Records for processing |
· · · · · · ·

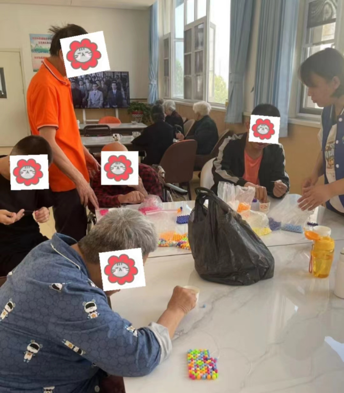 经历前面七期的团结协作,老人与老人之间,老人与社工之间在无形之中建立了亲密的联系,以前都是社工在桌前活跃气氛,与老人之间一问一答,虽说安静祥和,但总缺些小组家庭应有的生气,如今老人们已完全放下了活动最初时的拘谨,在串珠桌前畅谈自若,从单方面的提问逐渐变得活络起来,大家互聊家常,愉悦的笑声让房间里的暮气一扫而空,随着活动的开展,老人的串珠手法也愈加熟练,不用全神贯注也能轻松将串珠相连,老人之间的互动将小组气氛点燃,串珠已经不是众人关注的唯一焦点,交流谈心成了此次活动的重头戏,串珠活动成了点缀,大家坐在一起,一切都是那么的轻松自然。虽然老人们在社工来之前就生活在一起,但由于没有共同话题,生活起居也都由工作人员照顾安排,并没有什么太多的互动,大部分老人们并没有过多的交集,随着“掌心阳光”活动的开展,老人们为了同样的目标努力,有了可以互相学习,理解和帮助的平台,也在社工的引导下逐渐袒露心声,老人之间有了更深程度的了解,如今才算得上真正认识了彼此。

· · · · · · ·

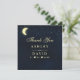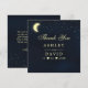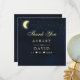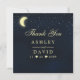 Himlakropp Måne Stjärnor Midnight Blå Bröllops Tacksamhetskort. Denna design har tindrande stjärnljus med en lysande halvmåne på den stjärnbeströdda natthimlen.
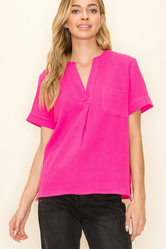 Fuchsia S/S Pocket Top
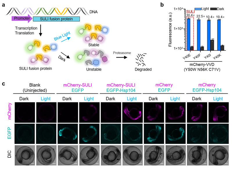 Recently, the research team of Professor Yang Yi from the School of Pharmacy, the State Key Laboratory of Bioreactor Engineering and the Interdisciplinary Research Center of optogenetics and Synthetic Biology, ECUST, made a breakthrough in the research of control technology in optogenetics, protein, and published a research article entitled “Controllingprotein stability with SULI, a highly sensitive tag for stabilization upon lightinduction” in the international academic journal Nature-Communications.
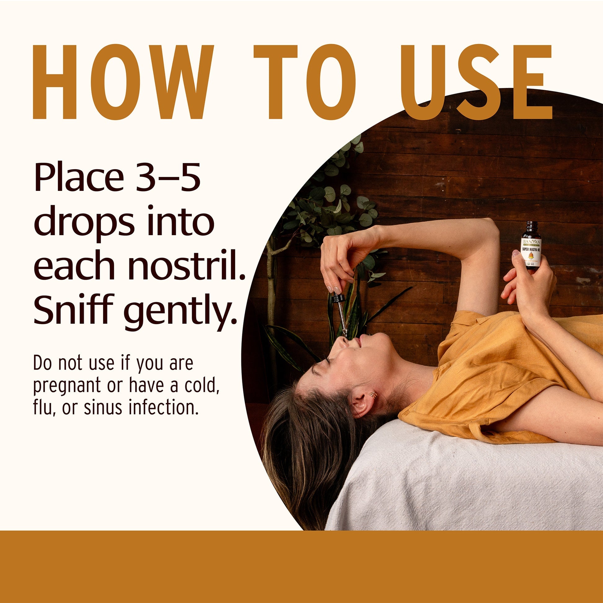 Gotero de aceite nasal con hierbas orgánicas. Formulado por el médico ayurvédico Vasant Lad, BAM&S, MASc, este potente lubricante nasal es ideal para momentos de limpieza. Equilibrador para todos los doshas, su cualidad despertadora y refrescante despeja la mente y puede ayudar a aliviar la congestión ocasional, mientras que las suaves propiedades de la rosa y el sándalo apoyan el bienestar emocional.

· · · · · · ·

To do | Give again the stretch of the entries above that begins at the line with "Fuchsia S/S Pocket Top" and ends at the line with "Gotero de aceite", word for word, with no pictures.

Solution for this problem |
 Fuchsia S/S Pocket Top
 Recently, the research team of Professor Yang Yi from the School of Pharmacy, the State Key Laboratory of Bioreactor Engineering and the Interdisciplinary Research Center of optogenetics and Synthetic Biology, ECUST, made a breakthrough in the research of control technology in optogenetics, protein, and published a research article entitled “Controllingprotein stability with SULI, a highly sensitive tag for stabilization upon lightinduction” in the international academic journal Nature-Communications.
 Gotero de aceite nasal con hierbas orgánicas. Formulado por el médico ayurvédico Vasant Lad, BAM&S, MASc, este potente lubricante nasal es ideal para momentos de limpieza. Equilibrador para todos los doshas, su cualidad despertadora y refrescante despeja la mente y puede ayudar a aliviar la congestión ocasional, mientras que las suaves propiedades de la rosa y el sándalo apoyan el bienestar emocional.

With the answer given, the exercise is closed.